Und doch muss man Unbehagen empfinden mit der Vorstellung, dass die Linke künftig in Thüringen die Exekutive führt. So pragmatisch deren Kommunalpolitiker agieren, so wenig überzeugend haben Ramelow und seine Leute in den vergangenen Wochen agiert. Das Zögern, die Wahrheit auszusprechen, nämlich die DDR als Unrechtsstaat zu bezeichnen, ließ einen mehrfachen Mangel erkennen: an politischer Weitsicht, an historischer Bildung, an kritischer Selbstreflektion.

Die Präsenz von zwei ehemaligen Stasi-Mitarbeitern in der Linken-Fraktion hat mehr als ein Geschmäckle. SPD und Grüne, also die Parteien, in denen bis heute viele „1989er“ aktiv sind, haben der Linken also noch allerlei Geschichtsstunden zu erteilen. Wenn die Linke jetzt in Thüringen Verantwortung übernimmt, nachdem sie seit 1990 in der Opposition Verbal-Kraftmeierei betrieben hat und Anträge allenfalls für den Papierkorb formuliert hat, kann man ihr nur zurufen: Dann regiert mal schön!

Doch weder Ramelow noch das fragile Bündnis mit seiner Ein-Stimmen-Mehrheit sind am Ziel. Das Votum der Grünen-Spitze am Donnerstag mag eine Formalie sein, der Ausgang des Mitgliedervotums der SPD ist hingegen völlig ungewiss. Die Thüringer Sozialdemokraten wissen, dass die Empfehlung ihres Landesvorstandes für Rot-Rot-Grün keiner tiefen Überzeugung entspricht (und dass man ebenso gut weiter mit der CDU regieren könnte). Man sollte die 4500 weitgehend unbekannten Thüringer SPD-Mitglieder in ihrer geheimen, freien und gleichen Wahl nicht unterschätzen.

Erst jüngst, bei der SPD-internen Kür des Nachfolgers von Klaus Wowereit in Berlin, zeigte sich: Die viel beschworene Basis tickt zuweilen ganz anders als die Funktionäre, die bisher in der SPD das Wort hatten.

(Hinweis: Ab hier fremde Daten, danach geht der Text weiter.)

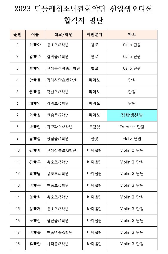 2023년 민들레청소년관현악단 신입생 오디션 합격자 발표
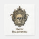These haunting Vintage Halloween napkins features an ornate frame with a skull design in the center on a brown damask background. The words "Happy Halloween" are spelled out in a pirate font.

Eine Überraschung, sprich: ein Nein zu dem Ergebnis der rot-rot-grünen Sondierungen, ist gewiss möglich.

Ohnehin hat Bodo Ramelow noch eine geheime Wahl im Landtag zu bestehen. Gerade in diesen Wochen erleben die teilweise recht autoritär geprägten Linken, wie beschwerlich demokratische Prozesse zuweilen sind. Eigentlich ist es höchste Zeit, dass die oppositionsgewohnte und oppositionsgeprägte Linke in Thüringen endlich die noch viel mühsamere Arbeit aufnimmt: das verantwortliche Regieren, beobachtet von einer wachen Öffentlichkeit – und kontrolliert von einer starken Opposition.